[Clockwork-developers] More on security

SourceForge Headquarters 1320 Columbia Street Suite 310 San Diego, CA 92101 +1 (858) 422-6466

Shawn McMahon and I had a detailed discussion on security on Thursday. While
I don't have a handle on everything involved yet, I do think we made some
headway in the area of security. Here are the details of what we discussed.
(Shawn may have to correct me if I misstate anything.)

When an administrator sets up a schedule (or an "instance," to borrow
from AutoSys's terminology), one of the things that will be done is the
creation of a public/private key pair for the schedule. The scheduling server
will keep the private key (secured by appropriate filesystem permissions),
and all the clients (both GUIs and the agent software that runs on the
managed nodes to make them valid targets of jobs) will get the public
key. Shawn explained to me that the keys are symmetric, meaning that you
can either encrypt a message with the public key and decrypt it with the
private key, or you can encrypt with the private key and decrypt with the
public key.

First, how to make GUI clients (and command-line client programs used by
users) secure. As I mentioned before, I don't want to have to store user
and password lists inside Clockwork, and would like to at least give the
administrator the option of authenticating against something else. But this
means that the password from the GUI (or client program, rather, since it
might not be a GUI), will have to be sent to the server. We can't do a
challenge-response kind of thing, since if we're going to pass the password
off to some other backend we need to actually know what it is. So the
communications channel needs to be encrypted so we can safely pass the user's
password along. (I suppose the administrator will need to trust that we're
not secretly recording all the passwords. If he has doubts, he can just
read the source.)

When the client program and the server talk, they use public key encryption
to secretly exchange a "session key" that will be used to encrypt the
rest of their conversation. I suppose they could just use their existing
key pair to encrypt the entire conversation, but Shawn said that's way slower
than "secret key" encryption methods, so most people use the slow public
key encryption to securely exchange a secret key, which they then use to 
encrypt the rest of their conversation.

Now that the client and server have an encrypted communications channel, the
client can prompt the user for his username/password and send it to the server
without fear that it will be snooped or replayed. Some client programs (for
example, a command-line program to send an event or to display job history)
may be more useful if they don't ask for a password interactively, so the
administrator can set up a web page that runs those commands for instance.
In that case, we can make it so that the client programs can take the username
and password from the command line or from a file. This will make things
flexible enough so that the administrator can do whatever he wants with the
client programs.

While we don't want to force the administrator to create a list of
Clockwork-only usernames and passwords, some people might want to do just
that. To make things easy for them, we could make one of our authentication
backends check against an internal database. Berkeley DB provides an easy
way to encrypt a database, too. Other backends I have in mind are PAM (for
the UNIX folks) and calling an external program (for those who want to use
neither PAM nor the internal list). That should satisfy just about everyone.

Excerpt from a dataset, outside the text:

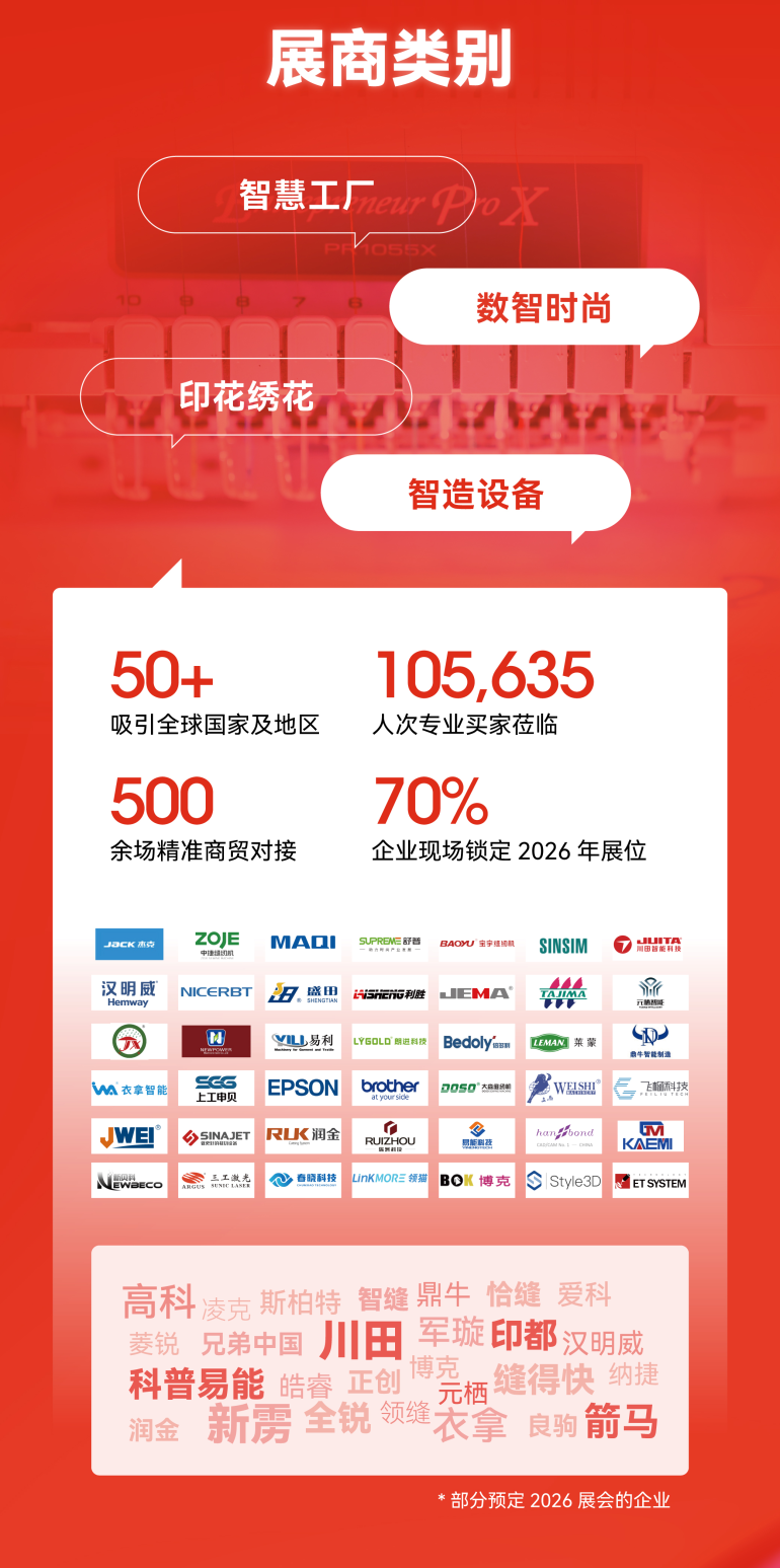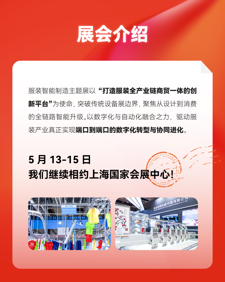 服装智能制造主题展以“打造服装全产业链商贸一体的创新平台”为使命,突破传统设备展边界,聚焦从设计到消费的全链路智能升级。以数字化与自动化融合之力,驱动服装产业真正实现端口到端口的数字化转型与协同化。

The other part of security is the communications between the server and the
agents (the piece of Clockwork that runs on every machine that is able to
run jobs). Obviously, the agent must be able to tell that commands are
coming from the real scheduling server, or this would be a huge root exploit.
So when the scheduling server sends commands to the agents, it will
encrypt them using the schedule's private key. If the agent can decrypt the
message using the schedule's public key, then it knows it's a valid
message. I suppose we could make this communication not encrypted, but just
with a digital signature in it, but it seems awful easy to make the whole
conversation encrypted, and then there are no issues with someone snooping
secret data (although it's probably not very important data).

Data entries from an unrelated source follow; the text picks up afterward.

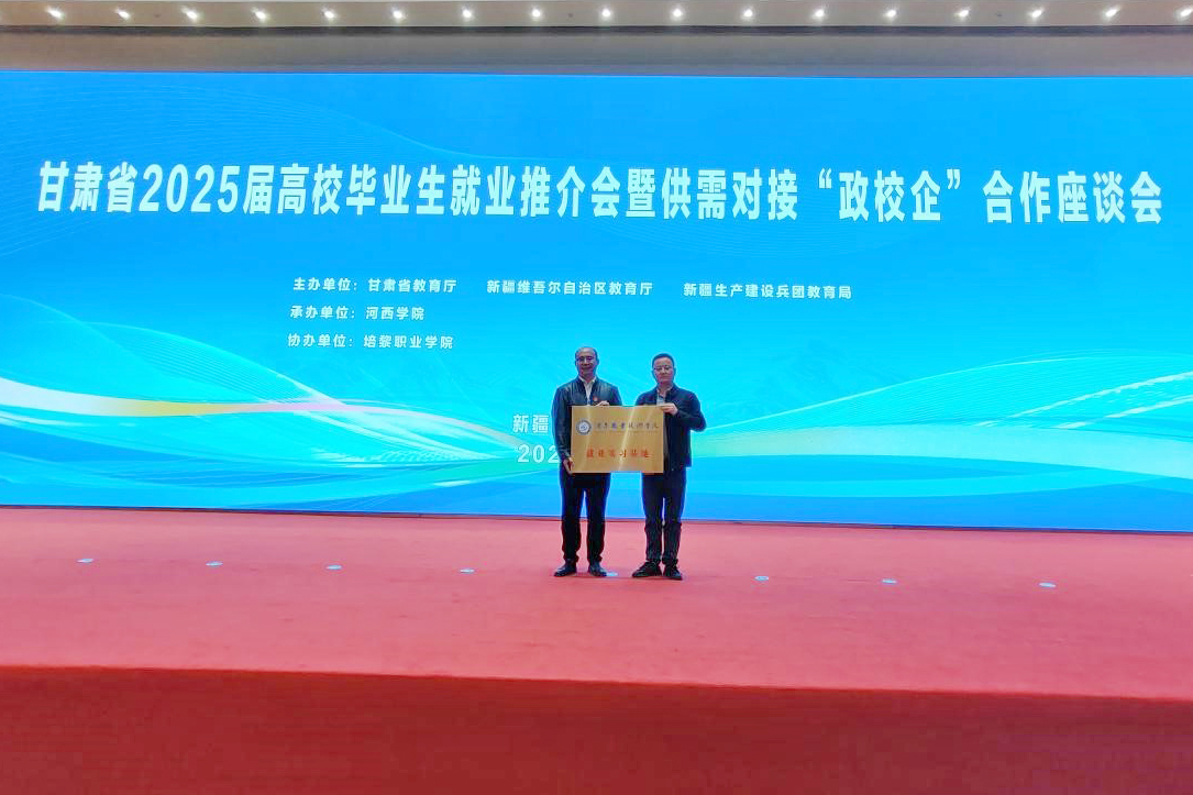 会上,杨洁围绕办学特色、毕业生就业情况和人才优势等方面做了推介发言,并为新疆兰石重装能源工程有限公司、新疆昆玉钢铁有限公司两家用人单位授予了“就业实习基地”牌匾。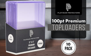 Don't trust your collection with the "standard" or "regular" quality toploaders that have flooded the market. Platinum Protectors premium quality 100pt toploaders are for the serious collector. The perfect way to keep your trading cards safe and secure. Made of durable premium hard plastic. Ultra-clear transparency with no imperfections.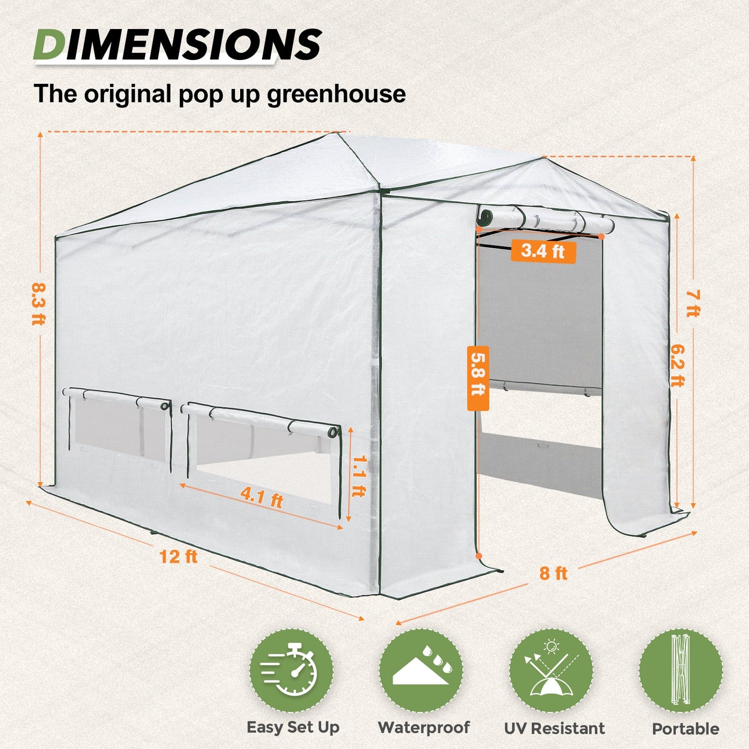 12x8 Portable Large Walk-in Pop Up Greenhouse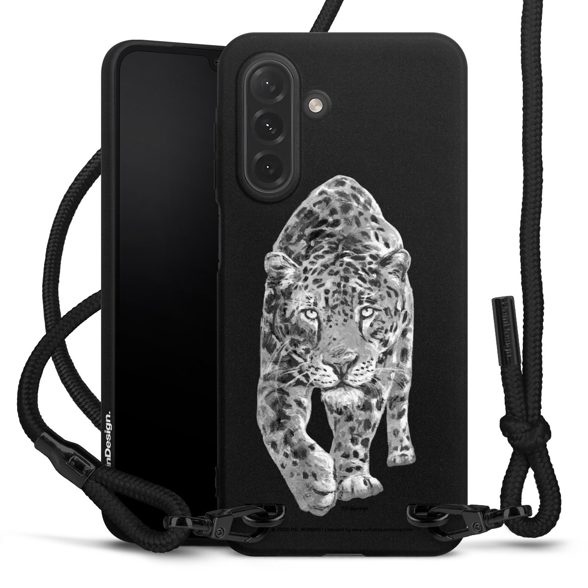 The matt black silicone case is made of flexible TPU (thermoplastic polyurethane) and offers robust protection. The durable, unbreakable material makes the cover flexible and dimensionally stable at the same time. The matte surface makes your design stand out more and is less susceptible to fingerprints and dirt. The stylish trend accessory fits comfortably in the hand and is perfectly complemented by the fabric (polyester) mobile phone strap. The braided fabric strap is approx. 1.70 metres long with a diameter of approx. 0.5 cm. Due to the special knotting technique, the length of the strap can be adjusted by simply pulling it, so that you can adapt it individually to your wishes. The practical case to wear around your neck is available with the fabric strap in black. As a little icing on the cake, we have provided the strap with a chic metal fastener in matt black. The strap is securely fastened to the case with loops made of high-quality genuine leather and press studs. The ends of the fabric strap are covered with metallic end caps and thus protected from fraying.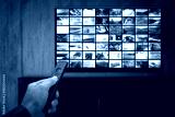 Video on demand service on smart TV. man choosing what to watch on TV at home. Video on demand or VOD. Online movie stream service in smart tv. Male hand holding TV remote control.

That's it for the server-to-agent connections, but there will also
be agent-to-server connections as well. Just like in AutoSys, if a job
is going to run for hours, we probably don't want to hold the TCP connection
open that long, just so that the agent can say at the end what the job's
exit code was. So the agent will have to initiate a connection back to the
server (or, a server, since there may be multiple servers) to provide the
exit code. In this scenario, the server needs to be able to make sure the
system that just connected to it is a valid agent. So the agent will encrypt
the message with the schedule's public key (which all agents have) and the
server will decrypt it with the schedule's private key. For added security,
we can allow the administrator to set up a list of agent IP addresses/networks.
The incoming connection can be checked against this list, too. For even
more security, the incoming connection can be checked against the IP address
of the system where the job ran. There's little reason that anyone other
than "hosta" should be reporting on the final status of a job that ran on
"hosta." But this level of security might be difficult to manage, since
most hosts have several IP addresses, and the one the server connected to
to get the job started might not be the one all the traffic out of the system
goes across.

What I haven't addressed here are:
(1) Authorization. We've checked to make sure the users are who they say they
are, but how do we know who should be allowed to do what? I was thinking
of a three-level access model: administrators can change things, operators
can only stop/start/hold jobs, and guests can look but not modify anything.
We may need to apply these to something more granular than the entire schedule,
since it may be useful to have a set of users who can only start/stop the
backup jobs, or can only modify a certain set of jobs.

(2) How multiple servers work with authentication. My examples above talk
about multiple agents and one server, but we know there will be multiple
servers. My first thought is for all servers to have a copy of the
private key. I think this would still be secure, and would allow everything
to continue to work as I described.

(3) Ease of maintenance. It needs to be easy for an administrator to change
a system's IP address. It's okay if we have this stored in our databases
somewhere, as long as we provide an easy way to change it when an host's
IP changes. Honestly, though, I'd prefer that we not be on the list of
things an administrator needs to do when he changes IP addresses. Maybe
that level of security could be optional. Also, the administrator needs to
be able to change the schedule's key pair if it's compromised. It would be
nice if this could be done without stopping the servers (outages are bad,
right?). If we make it difficult to change the key pair, the administrator
will be less likely to do it.

Comments, anyone?

-- 
Joel